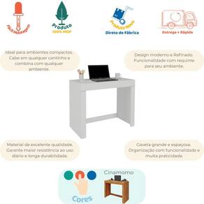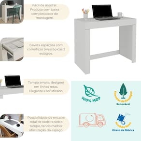 A Escrivaninha combina simplicidade e funcionalidade com um design moderno, ideal para pequenos espaços. Sua estrutura retangular em MDP com pintura UV se adapta facilmente a qualquer ambiente, oferecendo uma solução prática e elegante para o escritório. Com uma gaveta ampla e corrediça telescópica, proporciona acesso fácil e organizado aos seus objetos e documentos, trazendo um toque sofisticado e minimalista ao seu espaço e tornando o dia a dia mais eficiente.
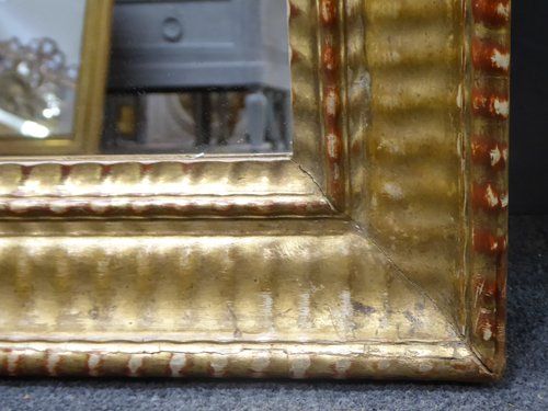 Ref 7169 - Antique French Mirror - Gilt on red ripple decorated landscape/portrait French antique mirror. New glass. Later replaced back. Circa 1830.
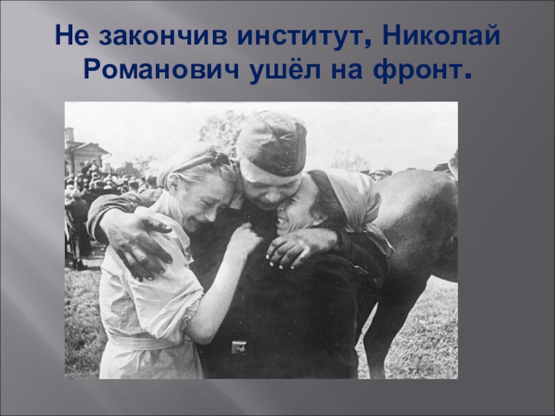 Слайд 6Не закончив институт, Николай Романович ушёл на фронт.
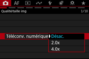 - Non disponible lorsque la qualité d'image RAW est sélectionnée.

____

__Your task__. Every line of the data above is to be repeated exactly; the images are to be left out.

__Reply to the task__.
 A Escrivaninha combina simplicidade e funcionalidade com um design moderno, ideal para pequenos espaços. Sua estrutura retangular em MDP com pintura UV se adapta facilmente a qualquer ambiente, oferecendo uma solução prática e elegante para o escritório. Com uma gaveta ampla e corrediça telescópica, proporciona acesso fácil e organizado aos seus objetos e documentos, trazendo um toque sofisticado e minimalista ao seu espaço e tornando o dia a dia mais eficiente.
 Ref 7169 - Antique French Mirror - Gilt on red ripple decorated landscape/portrait French antique mirror. New glass. Later replaced back. Circa 1830.
 Слайд 6Не закончив институт, Николай Романович ушёл на фронт.
 - Non disponible lorsque la qualité d'image RAW est sélectionnée.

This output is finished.